• **TASK BRIEF**
In the records below, find the line with "La portavoz del" and repeat it and every line after it, exactly, without any pictures.

• **PROVIDED ENTRIES**
·····

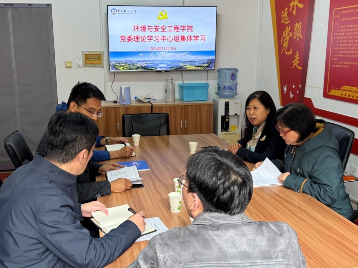 11月19日下午,环境学院党委理论学习中心组在3003会议室开展第十次集体学习,学习围绕习近平总书记对党纪学习教育做出的重要指示和中央党的建设工作领导小组会议精神、习近平关于安全生产重要论述摘编、习近平对社会工作作出重要指示等内容进行。党委书记王青主持学习。
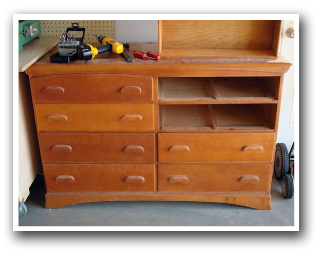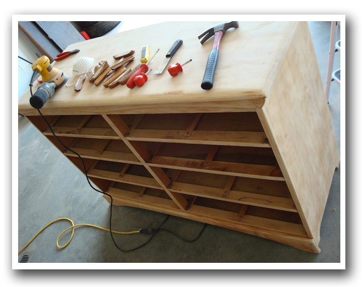 Then I sanded the living daylights out of the dresser to remove the old finish. This took about two full days.
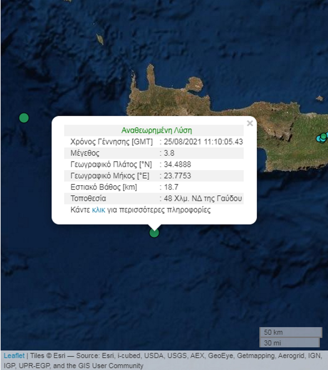 Ο σεισμός στη Γαύδο έχει μέγεθος 3,8 βαθμούς της κλίμακας Ρίχτερ και έγινε 48 χιλιόμετρα νοτιοδυτικά του νησιού στο Λιβυκό Πέλαγος.
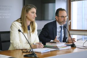 La portavoz del Equipo de Gobierno, Mari Carmen de España, Israel Cortés y Carlos Castillo, informan en rueda de prensa las propuestas aprobadas en Junta de Gobierno Local. Sala de Prensa. Foto; Ayuntamiento de Alicante/Ernesto Caparrós
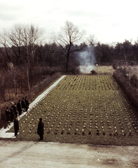 előtérben Kádár János a Magyar Szocialista Munkáspárt vezetője, vadászat után megtekinti a terítéket.
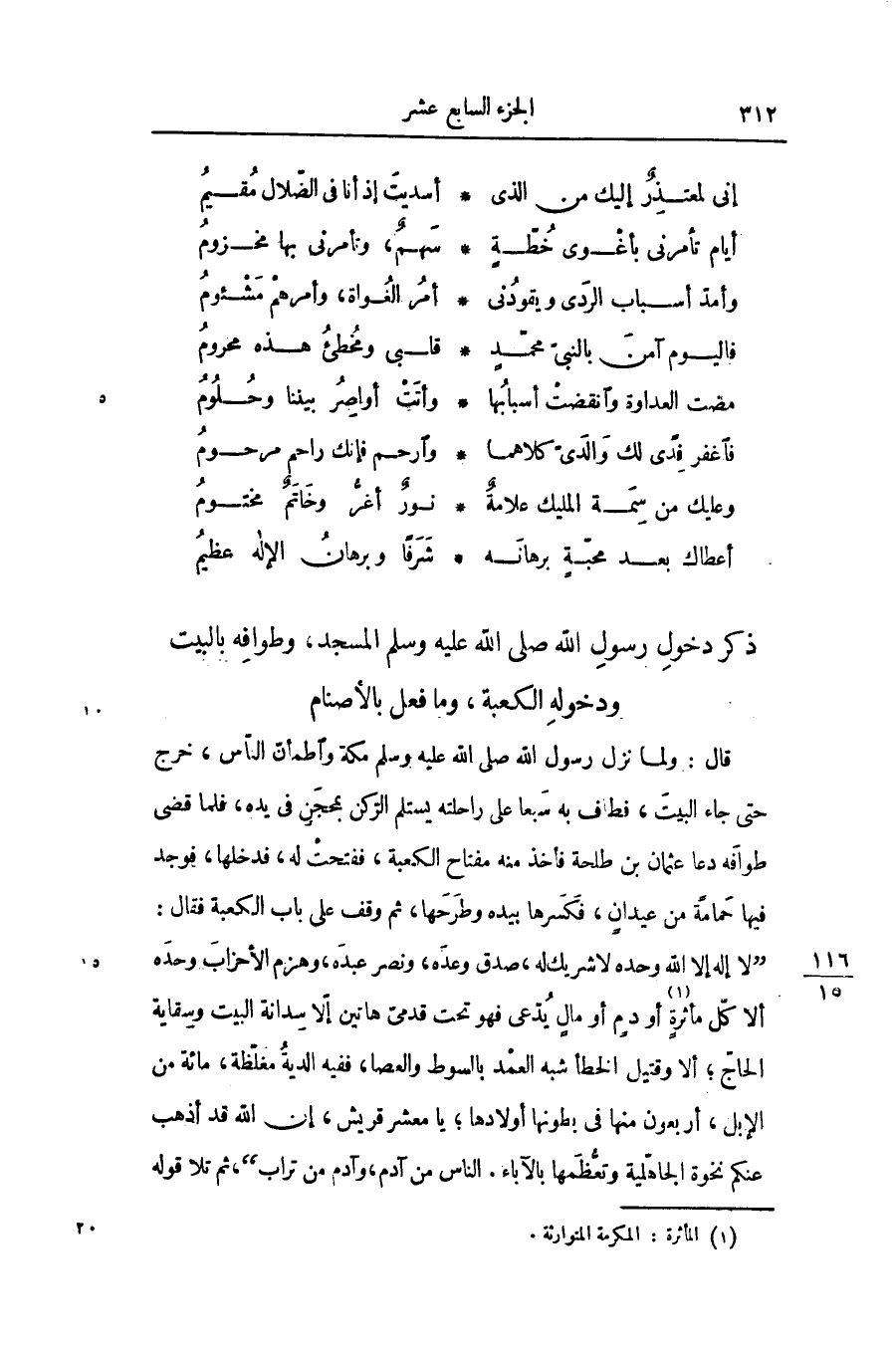 «لا إله إلا الله وحده لا شريك له، صدق وعده، ونصر عبده، وهزم الأحزاب وحده ألا كلّ مأثره «1» أو دم أو مال يدّعى فهو تحت قدمىّ هاتين إلّا سدانة البيت وسقاية الحاجّ؛ ألا وقتيل الخطأ شبه العمد بالسوط والعصا، ففيه الدية مغلّظة، مائة من الإبل، أربعون منها فى بطونها أولادها؛ يا معشر قريش، إن الله قد أذهب عنكم نخوة الجاهليّة وتعظّمها بالآباء. الناس من آدم، وآدم من تراب» ، ثم تلا قوله
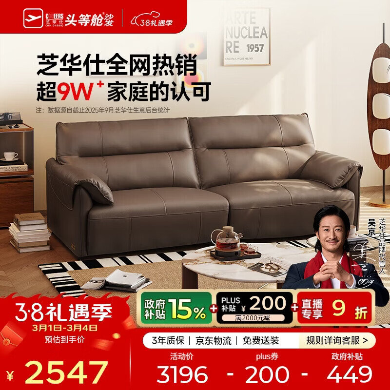 自营芝华仕(CHEERS)真皮艺沙发客厅2025新款小户型双人直排芝华士3095棕双
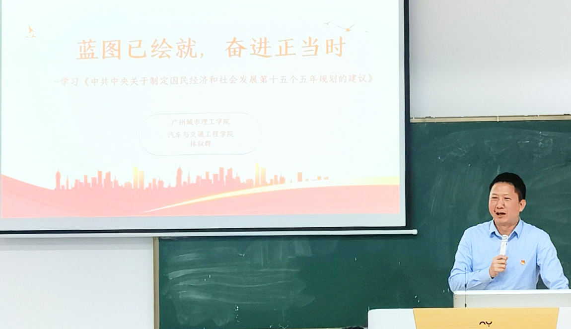 本网讯(记者 杨剑)12月12日,汽车与交通工程学院党总支书记林叙群以“蓝图已绘就,奋进正当时——学习《中共中央关于制定国民经济和社会发展第十五个五年规划的建议》”为主题进行党课宣讲,旨在深入学习贯彻党的二十届四中全会精神,并就支部学习宣传和贯彻落实全会精神进行工作部署。会议由学院教工第一党支部书记主持,支部全体党员参加会议。

·····

• **SOLUTION FOR THIS PROBLEM**
 La portavoz del Equipo de Gobierno, Mari Carmen de España, Israel Cortés y Carlos Castillo, informan en rueda de prensa las propuestas aprobadas en Junta de Gobierno Local. Sala de Prensa. Foto; Ayuntamiento de Alicante/Ernesto Caparrós
 előtérben Kádár János a Magyar Szocialista Munkáspárt vezetője, vadászat után megtekinti a terítéket.
 «لا إله إلا الله وحده لا شريك له، صدق وعده، ونصر عبده، وهزم الأحزاب وحده ألا كلّ مأثره «1» أو دم أو مال يدّعى فهو تحت قدمىّ هاتين إلّا سدانة البيت وسقاية الحاجّ؛ ألا وقتيل الخطأ شبه العمد بالسوط والعصا، ففيه الدية مغلّظة، مائة من الإبل، أربعون منها فى بطونها أولادها؛ يا معشر قريش، إن الله قد أذهب عنكم نخوة الجاهليّة وتعظّمها بالآباء. الناس من آدم، وآدم من تراب» ، ثم تلا قوله
 自营芝华仕(CHEERS)真皮艺沙发客厅2025新款小户型双人直排芝华士3095棕双
 本网讯(记者 杨剑)12月12日,汽车与交通工程学院党总支书记林叙群以“蓝图已绘就,奋进正当时——学习《中共中央关于制定国民经济和社会发展第十五个五年规划的建议》”为主题进行党课宣讲,旨在深入学习贯彻党的二十届四中全会精神,并就支部学习宣传和贯彻落实全会精神进行工作部署。会议由学院教工第一党支部书记主持,支部全体党员参加会议。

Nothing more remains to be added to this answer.